Russia, Georgia and The High Cost of Cheap Oil

The days when the US could kill, drill and consume its way out of crisis have ended. That new reality is made clear by the current conflict between Russia and Georgia, which is looking more and more like one between Russia and the US. As they look into the abyss, Americans will need to ask themselves once and for all how much more they are willing to pay to scrape the bottom of the last barrel of oil.

The Empire That Couldn’t Strike Back

The exact moment in history marking the last gasp of the American Empire will likely be debated by historians for years. But there is little doubt that August 7, 2008 will be viewed as a turning point in that history.

Georgia’s invasion of South Ossetia, followed by Russia’s predictable response, may have faded from the US media spotlight, but it is on the front pages of much of the international press – and for good reason.

On August 26, Moscow issued an extraordinary warning to the West. "If NATO suddenly takes military actions against Abkhazia and South Ossetia, acting solely in support of Tbilisi, this will mean a declaration of war on Russia," said Russian Ambassador Dmitry Rogozin. Russia has also made it clear that it would consider any military assistance to Georgia an act of war.

Ambassador Rogozin compared the current crisis to the atmosphere in Europe just before the start of the First World War. The extreme rhetoric from the Kremlin’s envoy to NATO came on the heels of President Dmitry Medvedev’s pronouncement that he would respond militarily to US missile defense installations in Eastern Europe.

That same week Colonel General Leonid Ivashov, president of the Academy of Geopolitical Studies in Moscow, alleged that the US and NATO had been arming Georgia as a ‘dress rehearsal’ for a future military operation in Iran. "We are close to a serious conflict," he said. "US and NATO preparations on a strategic scale are ongoing …"

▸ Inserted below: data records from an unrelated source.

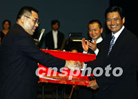 組圖:周潤發(fā)出席澳門國際音樂節(jié) 2001年10月05日 18:57 ![]() 由奧斯卡金像獎(jiǎng)獲得者譚盾(右一)指揮、由多名國際音樂家和上海交響樂團(tuán)演出的"臥虎藏龍"音樂會,4日晚在"第十五屆澳門國際音樂節(jié)"演出成功后,周潤發(fā)向音樂家表示祝賀。中新社圖 任晨鳴 攝 ![]() 香港巨星周潤發(fā)4日到澳門出席"第十五屆澳門國際音樂節(jié)"中的"臥虎藏龍"音樂會后,澳門特區(qū)政府社會文化司司長崔世安向周潤發(fā)頒發(fā)紀(jì)念品。中新社圖 任晨鳴 攝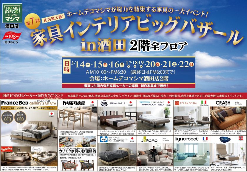 第7回「家具インテリアビッグバザール」期間中、スタッフ一同ご来店をお待ち致しております。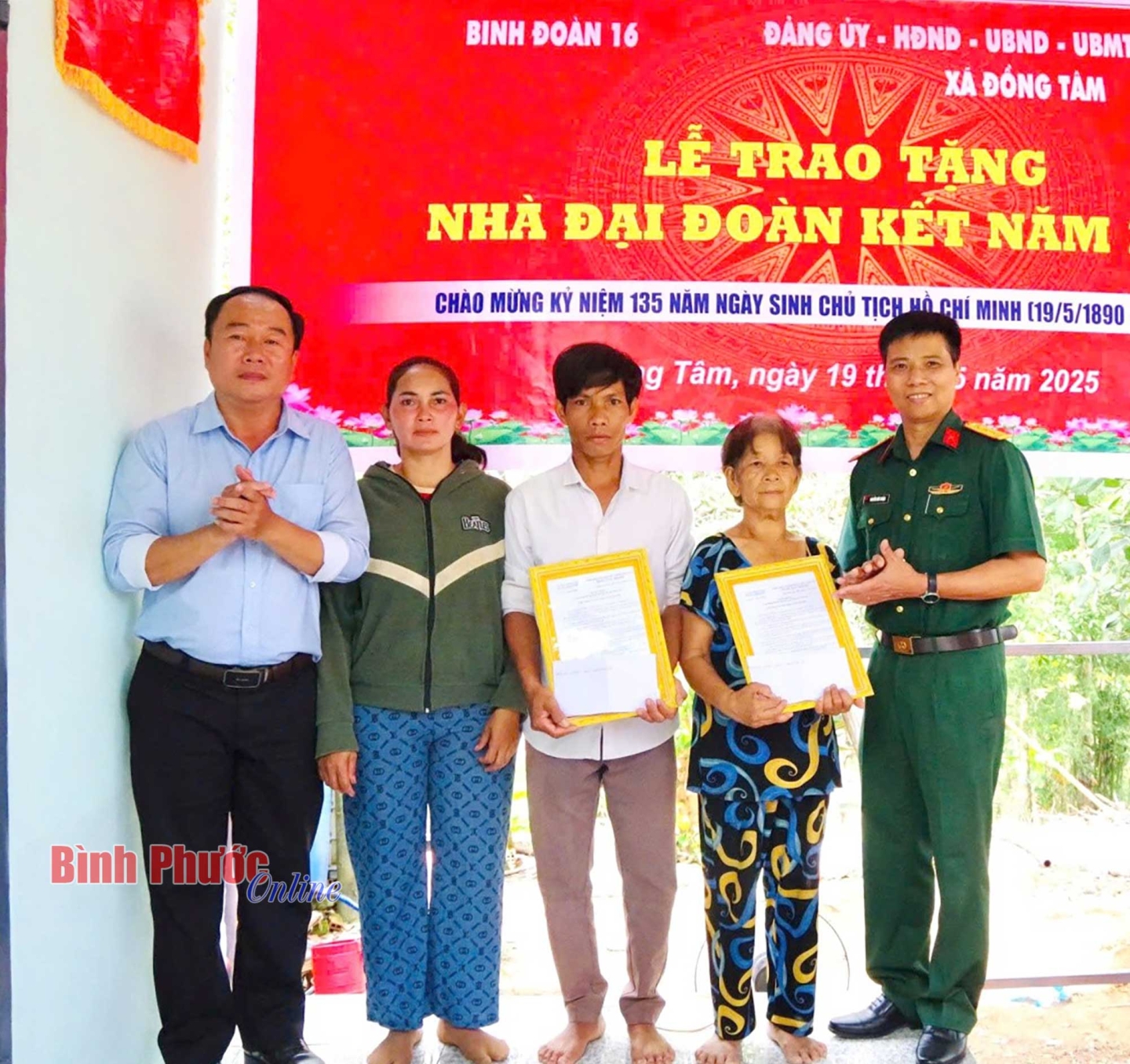 2 căn nhà đại đoàn kết được bàn giao cho gia đình bà Lê Thị Hai ở ấp 5 và anh Điểu Viên ở ấp 1, xã Đồng Tâm. Căn nhà được hoàn thành với kết cấu vững chắc, có 1 phòng ngủ, 1 phòng khách và 1 gian bếp, nhà vệ sinh khép kín với tổng trị giá hơn 100 triệu đồng. Trong đó, Binh đoàn 16 hỗ trợ kinh phí xây dựng 60 triệu đồng/căn, Quỹ vì người nghèo xã Đồng Tâm hỗ trợ 10 triệu đồng/căn. Số tiền còn lại gia đình, người thân góp thêm để căn nhà được khang trang hơn.

"The Georgia quarrel has all but derailed US-Russian cooperation on the Iran issue," observed an August 30 special report on the DEBKAfile. "Moscow is not only pulling out of the diplomatic and sanctions front against Iran’s nuclear program … [It] has decided to finally finish building Iran’s nuclear reactor in the southern town of Bushehr before the end of the year, after holding back for five years at Washington’s insistence."

Later that day, Russian prime minister Vladimir Putin, commented: "If nobody wants to talk with us on these issues and cooperation with Russia is not needed, then for God’s sake, do it yourself."

Moscow has now committed to completing the reactor within four months. DEBKAfile’s military sources report that the plant will enable Iran to operate a heavy water reactor and produce plutonium as an alternative to enriched uranium for building a nuclear bomb.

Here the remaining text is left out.